[Task to carry out] Exactly the lines from the one containing "Keywords: Oberamt Saulgau" through the one containing "Конечно, кое-где видны" in the listing below are to be copied, with the pictures left out.

[Supplied material]

━━━━

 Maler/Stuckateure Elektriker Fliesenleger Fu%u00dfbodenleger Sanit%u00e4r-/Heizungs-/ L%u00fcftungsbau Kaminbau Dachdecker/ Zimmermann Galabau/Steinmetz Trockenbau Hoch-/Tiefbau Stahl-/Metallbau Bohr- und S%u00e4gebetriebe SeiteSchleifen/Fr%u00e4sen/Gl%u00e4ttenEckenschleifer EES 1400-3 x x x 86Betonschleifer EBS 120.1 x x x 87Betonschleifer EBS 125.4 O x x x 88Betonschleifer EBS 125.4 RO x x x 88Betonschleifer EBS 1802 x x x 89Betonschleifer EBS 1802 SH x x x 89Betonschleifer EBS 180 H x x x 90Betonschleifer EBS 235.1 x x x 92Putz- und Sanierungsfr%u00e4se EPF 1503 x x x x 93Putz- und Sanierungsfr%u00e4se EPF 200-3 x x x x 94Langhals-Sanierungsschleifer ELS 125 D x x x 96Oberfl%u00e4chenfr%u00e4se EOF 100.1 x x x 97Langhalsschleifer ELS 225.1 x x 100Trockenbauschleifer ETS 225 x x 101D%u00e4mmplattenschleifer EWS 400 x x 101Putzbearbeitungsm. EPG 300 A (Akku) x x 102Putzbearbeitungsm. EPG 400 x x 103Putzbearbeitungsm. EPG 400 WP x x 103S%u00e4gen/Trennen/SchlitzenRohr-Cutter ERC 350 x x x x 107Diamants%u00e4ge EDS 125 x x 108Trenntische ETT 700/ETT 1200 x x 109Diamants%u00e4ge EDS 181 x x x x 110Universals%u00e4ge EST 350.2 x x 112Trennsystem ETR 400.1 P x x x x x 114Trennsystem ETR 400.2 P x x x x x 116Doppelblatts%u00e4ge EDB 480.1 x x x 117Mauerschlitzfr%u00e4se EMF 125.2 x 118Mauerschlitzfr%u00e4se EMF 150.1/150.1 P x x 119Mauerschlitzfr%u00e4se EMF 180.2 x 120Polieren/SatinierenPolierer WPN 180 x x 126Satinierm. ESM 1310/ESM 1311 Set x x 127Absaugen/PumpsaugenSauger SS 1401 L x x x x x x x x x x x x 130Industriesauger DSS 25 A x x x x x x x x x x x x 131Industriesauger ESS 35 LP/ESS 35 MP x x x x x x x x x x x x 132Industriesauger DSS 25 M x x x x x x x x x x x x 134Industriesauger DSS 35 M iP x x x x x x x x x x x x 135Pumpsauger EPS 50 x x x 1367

━━━━

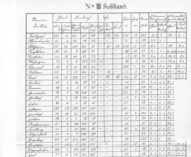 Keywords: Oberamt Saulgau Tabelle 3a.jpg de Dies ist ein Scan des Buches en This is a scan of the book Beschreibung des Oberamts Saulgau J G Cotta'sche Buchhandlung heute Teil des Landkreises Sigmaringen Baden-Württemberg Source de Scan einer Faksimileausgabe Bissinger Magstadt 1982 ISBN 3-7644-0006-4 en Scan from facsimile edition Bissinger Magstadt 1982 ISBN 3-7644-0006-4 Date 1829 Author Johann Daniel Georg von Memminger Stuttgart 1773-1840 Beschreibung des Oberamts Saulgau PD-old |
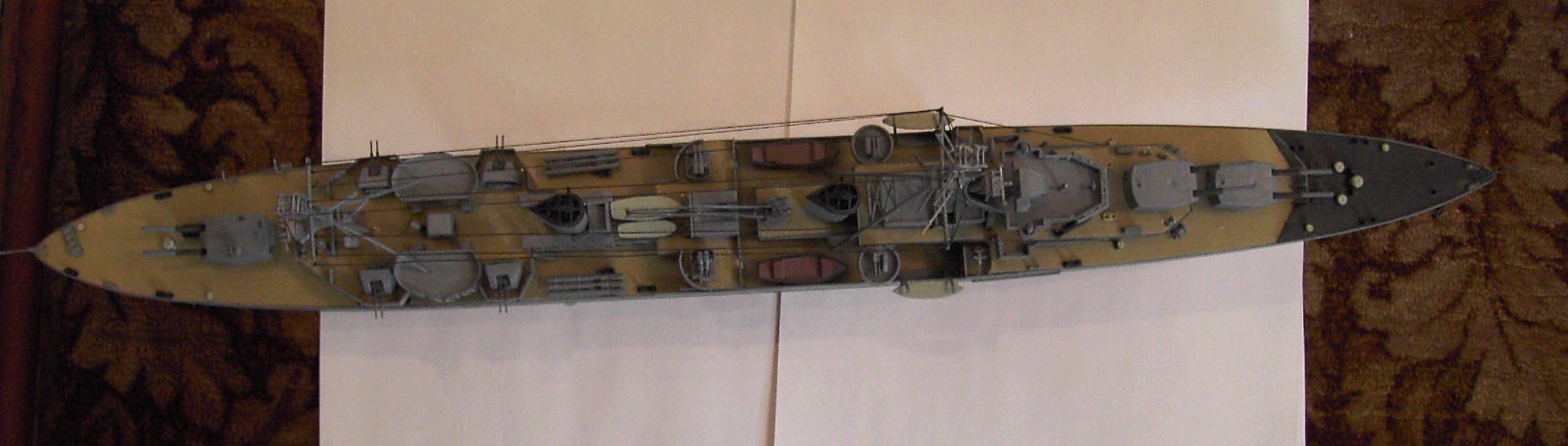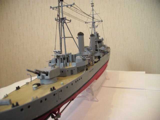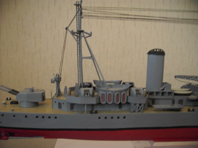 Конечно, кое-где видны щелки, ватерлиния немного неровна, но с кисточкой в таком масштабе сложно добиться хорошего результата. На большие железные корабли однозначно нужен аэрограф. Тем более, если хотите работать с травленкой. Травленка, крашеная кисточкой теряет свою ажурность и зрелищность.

━━━━

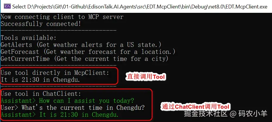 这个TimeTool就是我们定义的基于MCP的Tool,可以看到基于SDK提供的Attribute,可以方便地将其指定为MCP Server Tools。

━━━━

[Output for this task]
 Keywords: Oberamt Saulgau Tabelle 3a.jpg de Dies ist ein Scan des Buches en This is a scan of the book Beschreibung des Oberamts Saulgau J G Cotta'sche Buchhandlung heute Teil des Landkreises Sigmaringen Baden-Württemberg Source de Scan einer Faksimileausgabe Bissinger Magstadt 1982 ISBN 3-7644-0006-4 en Scan from facsimile edition Bissinger Magstadt 1982 ISBN 3-7644-0006-4 Date 1829 Author Johann Daniel Georg von Memminger Stuttgart 1773-1840 Beschreibung des Oberamts Saulgau PD-old |
 Конечно, кое-где видны щелки, ватерлиния немного неровна, но с кисточкой в таком масштабе сложно добиться хорошего результата. На большие железные корабли однозначно нужен аэрограф. Тем более, если хотите работать с травленкой. Травленка, крашеная кисточкой теряет свою ажурность и зрелищность.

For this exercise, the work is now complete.